Stored records:
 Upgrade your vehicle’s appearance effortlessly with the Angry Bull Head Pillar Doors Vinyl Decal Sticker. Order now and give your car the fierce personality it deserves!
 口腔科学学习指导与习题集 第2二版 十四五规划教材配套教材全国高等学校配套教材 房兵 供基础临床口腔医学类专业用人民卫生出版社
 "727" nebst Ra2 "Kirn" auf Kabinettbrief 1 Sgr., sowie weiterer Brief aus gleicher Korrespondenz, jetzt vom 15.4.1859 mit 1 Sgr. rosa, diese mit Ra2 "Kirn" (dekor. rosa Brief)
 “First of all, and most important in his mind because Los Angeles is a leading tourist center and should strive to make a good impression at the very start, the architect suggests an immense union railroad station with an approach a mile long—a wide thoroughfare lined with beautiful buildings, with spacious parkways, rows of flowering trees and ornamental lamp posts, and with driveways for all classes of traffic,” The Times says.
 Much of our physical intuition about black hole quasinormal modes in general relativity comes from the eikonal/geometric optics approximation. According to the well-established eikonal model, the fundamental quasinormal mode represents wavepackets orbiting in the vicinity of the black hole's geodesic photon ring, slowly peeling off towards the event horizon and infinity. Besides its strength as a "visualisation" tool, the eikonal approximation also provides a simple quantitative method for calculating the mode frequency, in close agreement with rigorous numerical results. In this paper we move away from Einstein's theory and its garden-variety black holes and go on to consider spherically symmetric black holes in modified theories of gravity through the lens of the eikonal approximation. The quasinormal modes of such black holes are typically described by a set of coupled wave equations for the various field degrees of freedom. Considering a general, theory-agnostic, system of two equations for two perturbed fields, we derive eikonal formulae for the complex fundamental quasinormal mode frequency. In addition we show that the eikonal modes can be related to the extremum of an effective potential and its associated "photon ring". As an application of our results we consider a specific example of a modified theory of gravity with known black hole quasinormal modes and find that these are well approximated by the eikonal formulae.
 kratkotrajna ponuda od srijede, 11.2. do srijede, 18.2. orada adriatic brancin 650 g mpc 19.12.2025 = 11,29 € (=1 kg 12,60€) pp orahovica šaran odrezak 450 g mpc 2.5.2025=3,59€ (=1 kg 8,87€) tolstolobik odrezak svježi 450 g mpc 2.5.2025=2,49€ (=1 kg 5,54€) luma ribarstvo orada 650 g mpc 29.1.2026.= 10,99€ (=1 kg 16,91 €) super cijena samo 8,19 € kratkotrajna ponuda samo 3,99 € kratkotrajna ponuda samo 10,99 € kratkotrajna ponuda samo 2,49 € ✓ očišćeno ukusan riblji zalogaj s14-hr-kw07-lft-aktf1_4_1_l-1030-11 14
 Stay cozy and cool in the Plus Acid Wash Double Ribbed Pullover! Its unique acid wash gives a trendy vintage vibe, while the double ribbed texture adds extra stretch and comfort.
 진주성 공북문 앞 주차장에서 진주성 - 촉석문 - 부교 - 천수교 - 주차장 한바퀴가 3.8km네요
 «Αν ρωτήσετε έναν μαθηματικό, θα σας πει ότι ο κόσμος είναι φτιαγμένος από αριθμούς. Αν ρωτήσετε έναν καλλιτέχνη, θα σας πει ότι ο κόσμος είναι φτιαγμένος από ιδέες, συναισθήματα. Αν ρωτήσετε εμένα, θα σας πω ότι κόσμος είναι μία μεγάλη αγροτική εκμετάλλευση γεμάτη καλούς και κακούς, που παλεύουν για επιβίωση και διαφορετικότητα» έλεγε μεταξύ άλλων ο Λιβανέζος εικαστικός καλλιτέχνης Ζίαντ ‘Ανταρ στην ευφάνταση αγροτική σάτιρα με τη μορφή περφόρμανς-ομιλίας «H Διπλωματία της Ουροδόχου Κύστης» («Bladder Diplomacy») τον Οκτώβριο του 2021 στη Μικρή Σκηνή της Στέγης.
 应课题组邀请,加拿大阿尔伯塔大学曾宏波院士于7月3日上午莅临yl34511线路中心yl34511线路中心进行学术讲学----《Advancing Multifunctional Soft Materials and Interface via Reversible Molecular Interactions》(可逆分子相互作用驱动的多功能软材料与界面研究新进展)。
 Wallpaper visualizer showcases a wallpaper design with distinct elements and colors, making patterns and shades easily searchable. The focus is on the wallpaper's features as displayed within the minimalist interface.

What to work on: Write out the entries in full, exactly as given.

Task output:
 Upgrade your vehicle’s appearance effortlessly with the Angry Bull Head Pillar Doors Vinyl Decal Sticker. Order now and give your car the fierce personality it deserves!
 口腔科学学习指导与习题集 第2二版 十四五规划教材配套教材全国高等学校配套教材 房兵 供基础临床口腔医学类专业用人民卫生出版社
 "727" nebst Ra2 "Kirn" auf Kabinettbrief 1 Sgr., sowie weiterer Brief aus gleicher Korrespondenz, jetzt vom 15.4.1859 mit 1 Sgr. rosa, diese mit Ra2 "Kirn" (dekor. rosa Brief)
 “First of all, and most important in his mind because Los Angeles is a leading tourist center and should strive to make a good impression at the very start, the architect suggests an immense union railroad station with an approach a mile long—a wide thoroughfare lined with beautiful buildings, with spacious parkways, rows of flowering trees and ornamental lamp posts, and with driveways for all classes of traffic,” The Times says.
 Much of our physical intuition about black hole quasinormal modes in general relativity comes from the eikonal/geometric optics approximation. According to the well-established eikonal model, the fundamental quasinormal mode represents wavepackets orbiting in the vicinity of the black hole's geodesic photon ring, slowly peeling off towards the event horizon and infinity. Besides its strength as a "visualisation" tool, the eikonal approximation also provides a simple quantitative method for calculating the mode frequency, in close agreement with rigorous numerical results. In this paper we move away from Einstein's theory and its garden-variety black holes and go on to consider spherically symmetric black holes in modified theories of gravity through the lens of the eikonal approximation. The quasinormal modes of such black holes are typically described by a set of coupled wave equations for the various field degrees of freedom. Considering a general, theory-agnostic, system of two equations for two perturbed fields, we derive eikonal formulae for the complex fundamental quasinormal mode frequency. In addition we show that the eikonal modes can be related to the extremum of an effective potential and its associated "photon ring". As an application of our results we consider a specific example of a modified theory of gravity with known black hole quasinormal modes and find that these are well approximated by the eikonal formulae.
 kratkotrajna ponuda od srijede, 11.2. do srijede, 18.2. orada adriatic brancin 650 g mpc 19.12.2025 = 11,29 € (=1 kg 12,60€) pp orahovica šaran odrezak 450 g mpc 2.5.2025=3,59€ (=1 kg 8,87€) tolstolobik odrezak svježi 450 g mpc 2.5.2025=2,49€ (=1 kg 5,54€) luma ribarstvo orada 650 g mpc 29.1.2026.= 10,99€ (=1 kg 16,91 €) super cijena samo 8,19 € kratkotrajna ponuda samo 3,99 € kratkotrajna ponuda samo 10,99 € kratkotrajna ponuda samo 2,49 € ✓ očišćeno ukusan riblji zalogaj s14-hr-kw07-lft-aktf1_4_1_l-1030-11 14
 Stay cozy and cool in the Plus Acid Wash Double Ribbed Pullover! Its unique acid wash gives a trendy vintage vibe, while the double ribbed texture adds extra stretch and comfort.
 진주성 공북문 앞 주차장에서 진주성 - 촉석문 - 부교 - 천수교 - 주차장 한바퀴가 3.8km네요
 «Αν ρωτήσετε έναν μαθηματικό, θα σας πει ότι ο κόσμος είναι φτιαγμένος από αριθμούς. Αν ρωτήσετε έναν καλλιτέχνη, θα σας πει ότι ο κόσμος είναι φτιαγμένος από ιδέες, συναισθήματα. Αν ρωτήσετε εμένα, θα σας πω ότι κόσμος είναι μία μεγάλη αγροτική εκμετάλλευση γεμάτη καλούς και κακούς, που παλεύουν για επιβίωση και διαφορετικότητα» έλεγε μεταξύ άλλων ο Λιβανέζος εικαστικός καλλιτέχνης Ζίαντ ‘Ανταρ στην ευφάνταση αγροτική σάτιρα με τη μορφή περφόρμανς-ομιλίας «H Διπλωματία της Ουροδόχου Κύστης» («Bladder Diplomacy») τον Οκτώβριο του 2021 στη Μικρή Σκηνή της Στέγης.
 应课题组邀请,加拿大阿尔伯塔大学曾宏波院士于7月3日上午莅临yl34511线路中心yl34511线路中心进行学术讲学----《Advancing Multifunctional Soft Materials and Interface via Reversible Molecular Interactions》(可逆分子相互作用驱动的多功能软材料与界面研究新进展)。
 Wallpaper visualizer showcases a wallpaper design with distinct elements and colors, making patterns and shades easily searchable. The focus is on the wallpaper's features as displayed within the minimalist interface.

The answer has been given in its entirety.